Exact copy, no pictures: restate each entry below word for word.

START RECORDS FOR THE EXERCISE

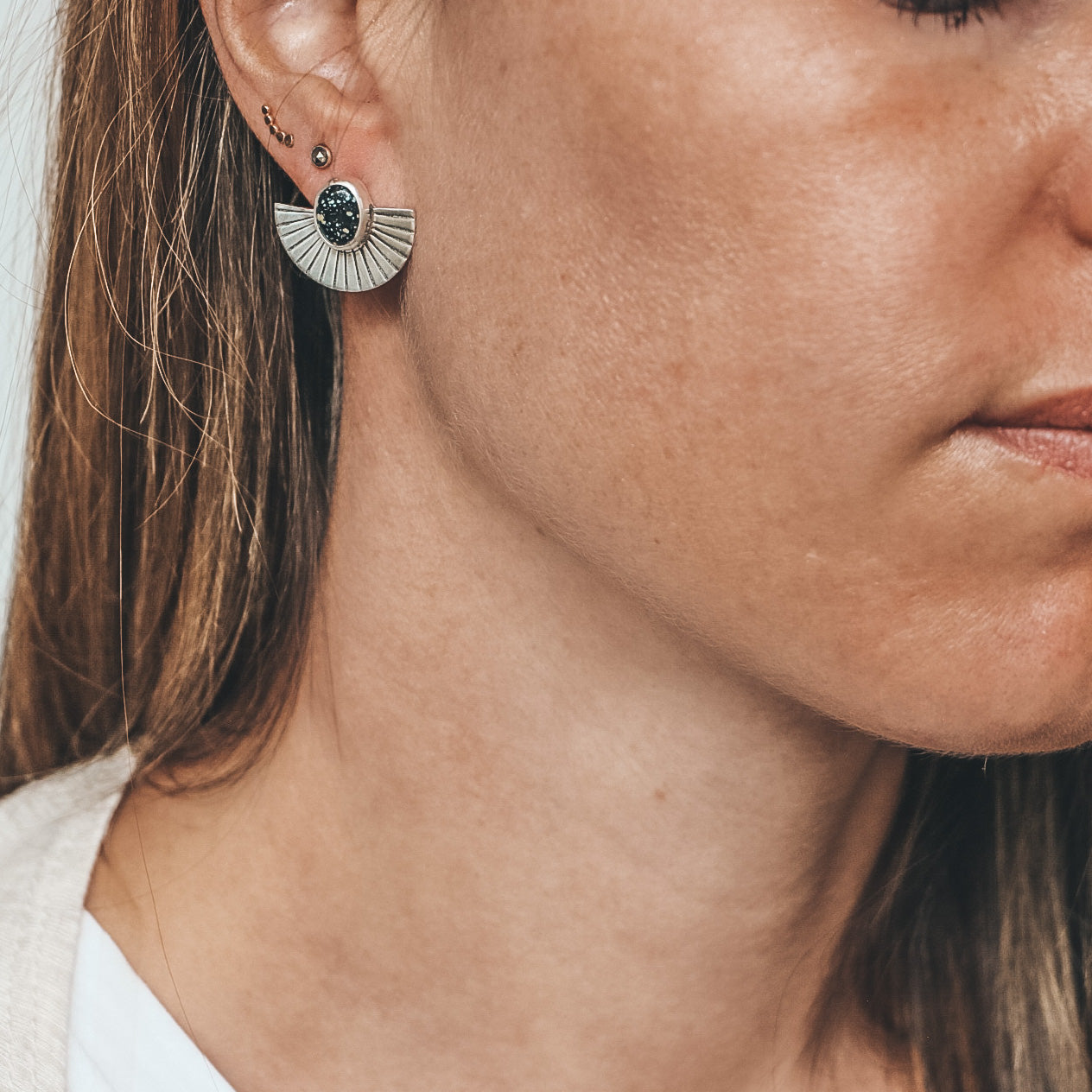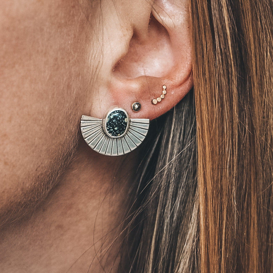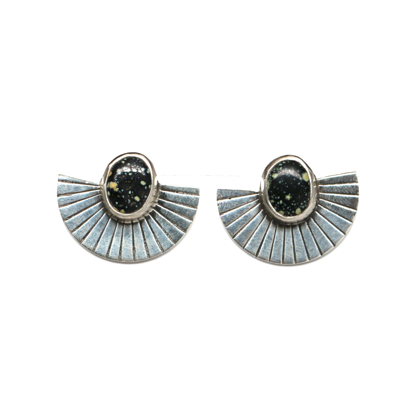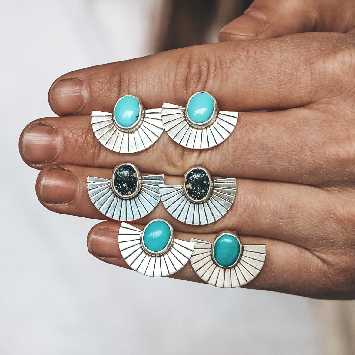 The Fan Studs have become a signature design and customer fave of Mineral + Mine! Each pair of Fan Studs features a precise fan pattern and unique one-of-a-kind stones. This pair of Fan Studs is set with New Lander turquoise, which is mostly black with speckles of yellow and green.
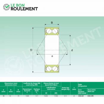 Rodamiento de bolas de contacto oblicuo genérico. Sus cotas en mm son 15x42x19. Posee una doble estanqueidad caucho con un juego C3 para altas velocidades y una jaula poliamida también llamada jaula plástica.
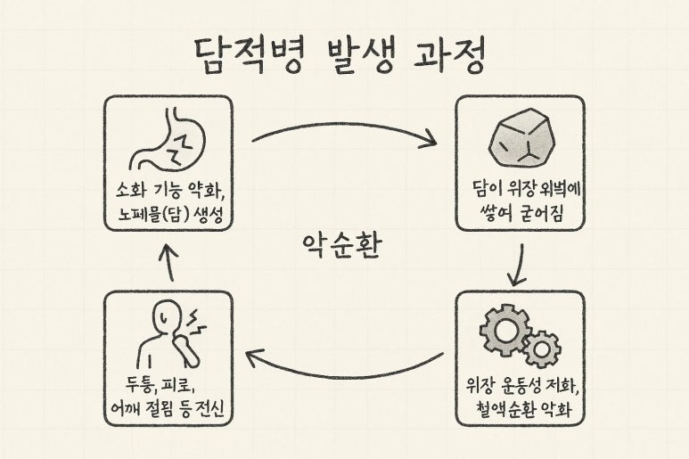 한의학에서는 우리 몸의 소화 기능이 약해지면서 음식물이 제대로 소화되지 못하고 끈적한 노폐물, 즉 '담(痰)'이 생성된다고 봅니다.
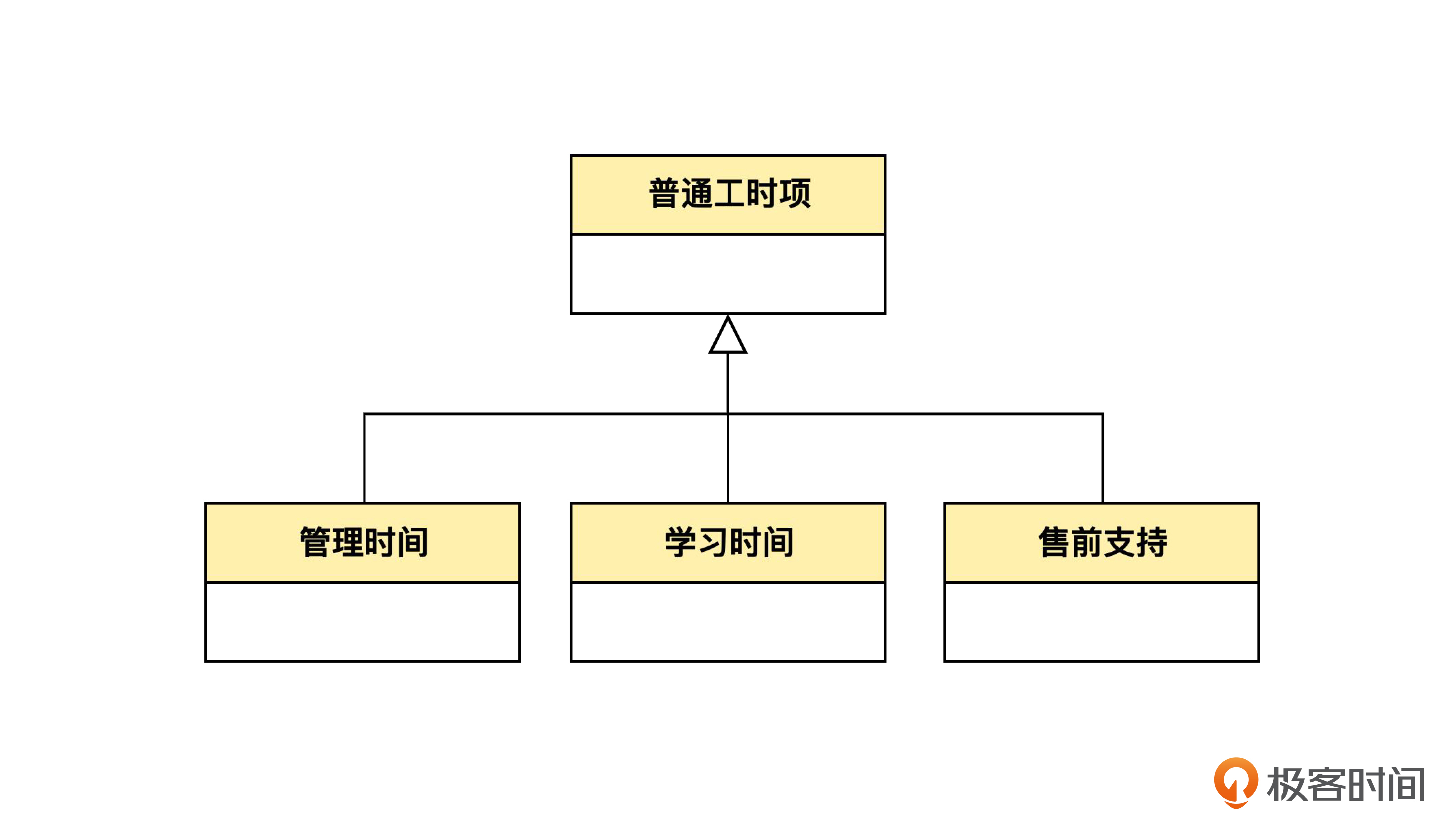 但是我们现在没有这个需求,学习时间和管理时间都是不需要再细分的。这时候,普通工时项就是一个类,而学习时间和管理时间只是这个类的实例,所以就无所谓泛化了。
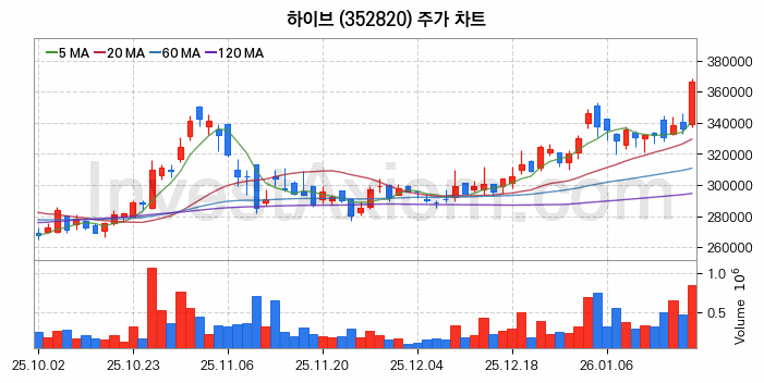 하이브 주가 전망 분석, 주식 차트 분석과 기간 수익률 및 주가 변동성 분석 (26년01월19일)

END RECORDS FOR THE EXERCISE

▸ **EXERCISE RESPONSE**
 The Fan Studs have become a signature design and customer fave of Mineral + Mine! Each pair of Fan Studs features a precise fan pattern and unique one-of-a-kind stones. This pair of Fan Studs is set with New Lander turquoise, which is mostly black with speckles of yellow and green.
 Rodamiento de bolas de contacto oblicuo genérico. Sus cotas en mm son 15x42x19. Posee una doble estanqueidad caucho con un juego C3 para altas velocidades y una jaula poliamida también llamada jaula plástica.
 한의학에서는 우리 몸의 소화 기능이 약해지면서 음식물이 제대로 소화되지 못하고 끈적한 노폐물, 즉 '담(痰)'이 생성된다고 봅니다.
 但是我们现在没有这个需求,学习时间和管理时间都是不需要再细分的。这时候,普通工时项就是一个类,而学习时间和管理时间只是这个类的实例,所以就无所谓泛化了。
 하이브 주가 전망 분석, 주식 차트 분석과 기간 수익률 및 주가 변동성 분석 (26년01월19일)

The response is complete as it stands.